[Opening Data supplied section]

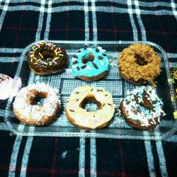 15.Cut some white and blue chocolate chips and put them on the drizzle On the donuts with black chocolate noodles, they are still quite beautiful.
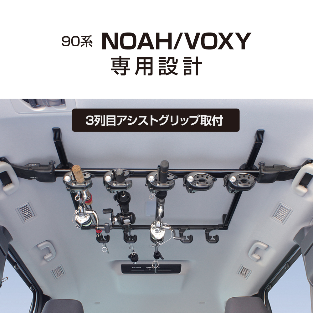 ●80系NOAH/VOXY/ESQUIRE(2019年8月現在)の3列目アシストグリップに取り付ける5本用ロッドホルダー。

[Closing Data supplied section]
[Opening Data supplied section]

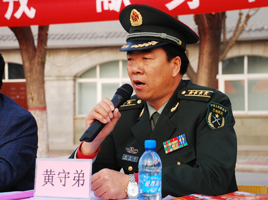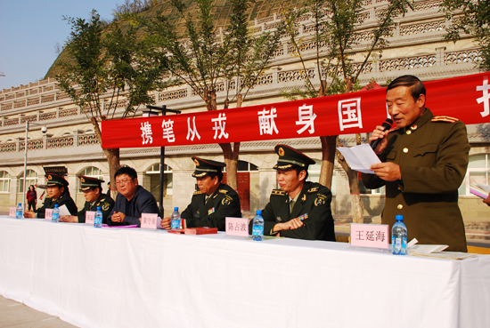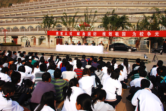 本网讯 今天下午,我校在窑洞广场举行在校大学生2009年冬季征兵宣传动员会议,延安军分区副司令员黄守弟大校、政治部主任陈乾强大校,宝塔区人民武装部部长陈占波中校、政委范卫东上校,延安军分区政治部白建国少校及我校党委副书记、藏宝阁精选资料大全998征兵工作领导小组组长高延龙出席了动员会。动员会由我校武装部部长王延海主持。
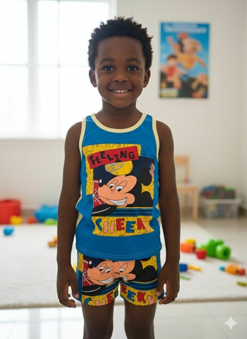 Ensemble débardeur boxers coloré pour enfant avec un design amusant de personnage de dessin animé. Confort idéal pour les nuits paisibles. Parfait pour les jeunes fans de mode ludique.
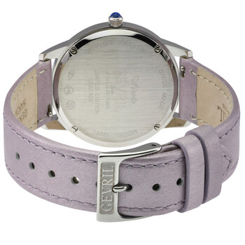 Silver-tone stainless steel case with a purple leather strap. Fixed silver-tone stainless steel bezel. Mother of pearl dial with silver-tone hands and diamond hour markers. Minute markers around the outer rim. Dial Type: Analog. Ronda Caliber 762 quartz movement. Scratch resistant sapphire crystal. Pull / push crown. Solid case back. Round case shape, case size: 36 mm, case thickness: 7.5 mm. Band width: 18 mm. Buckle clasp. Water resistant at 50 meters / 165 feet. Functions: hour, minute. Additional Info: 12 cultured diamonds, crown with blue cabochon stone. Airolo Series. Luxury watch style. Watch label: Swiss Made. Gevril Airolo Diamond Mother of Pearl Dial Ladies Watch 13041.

[Closing Data supplied section]

▶ [Your instructions]:
Beginning with the line above that has "本网讯 今天下午,我校在窑洞" and going on through the line that has "Ensemble débardeur boxers", retype every line exactly and add nothing else; drop the pictures.

▶ [Output]:
 本网讯 今天下午,我校在窑洞广场举行在校大学生2009年冬季征兵宣传动员会议,延安军分区副司令员黄守弟大校、政治部主任陈乾强大校,宝塔区人民武装部部长陈占波中校、政委范卫东上校,延安军分区政治部白建国少校及我校党委副书记、藏宝阁精选资料大全998征兵工作领导小组组长高延龙出席了动员会。动员会由我校武装部部长王延海主持。
 Ensemble débardeur boxers coloré pour enfant avec un design amusant de personnage de dessin animé. Confort idéal pour les nuits paisibles. Parfait pour les jeunes fans de mode ludique.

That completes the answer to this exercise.